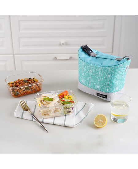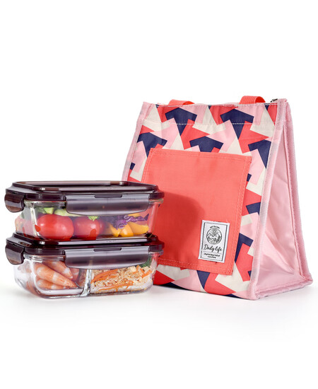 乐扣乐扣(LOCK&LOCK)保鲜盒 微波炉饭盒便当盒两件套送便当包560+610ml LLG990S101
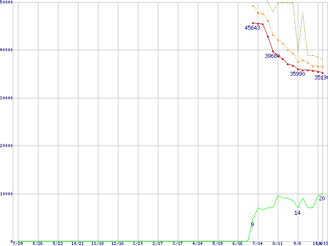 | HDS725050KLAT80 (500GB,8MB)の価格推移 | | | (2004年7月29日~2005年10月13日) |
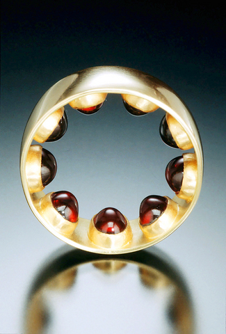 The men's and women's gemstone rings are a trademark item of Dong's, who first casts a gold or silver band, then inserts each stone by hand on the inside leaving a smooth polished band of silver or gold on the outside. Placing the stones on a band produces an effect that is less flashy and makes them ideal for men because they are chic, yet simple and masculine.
· · · ·
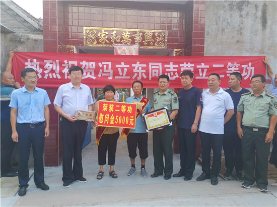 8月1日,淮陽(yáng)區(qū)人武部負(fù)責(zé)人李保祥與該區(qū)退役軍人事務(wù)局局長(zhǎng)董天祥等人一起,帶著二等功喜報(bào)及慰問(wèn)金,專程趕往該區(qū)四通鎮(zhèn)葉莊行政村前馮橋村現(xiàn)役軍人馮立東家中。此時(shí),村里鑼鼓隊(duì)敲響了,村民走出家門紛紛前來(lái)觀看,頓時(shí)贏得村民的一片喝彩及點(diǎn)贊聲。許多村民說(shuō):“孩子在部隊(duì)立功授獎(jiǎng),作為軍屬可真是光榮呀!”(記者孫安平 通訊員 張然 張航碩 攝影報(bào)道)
· · · ·
### Brief
Of the lines above, quote exactly those from the one with "乐扣乐扣(LOCK&LOCK)保鲜盒 微波炉饭盒便当盒两件套送便当包560+610ml LLG990S101" through the one with "The men's and", ends included; pictures stay out.

### Your solution
 乐扣乐扣(LOCK&LOCK)保鲜盒 微波炉饭盒便当盒两件套送便当包560+610ml LLG990S101
 | HDS725050KLAT80 (500GB,8MB)の価格推移 | | | (2004年7月29日~2005年10月13日) |
 The men's and women's gemstone rings are a trademark item of Dong's, who first casts a gold or silver band, then inserts each stone by hand on the inside leaving a smooth polished band of silver or gold on the outside. Placing the stones on a band produces an effect that is less flashy and makes them ideal for men because they are chic, yet simple and masculine.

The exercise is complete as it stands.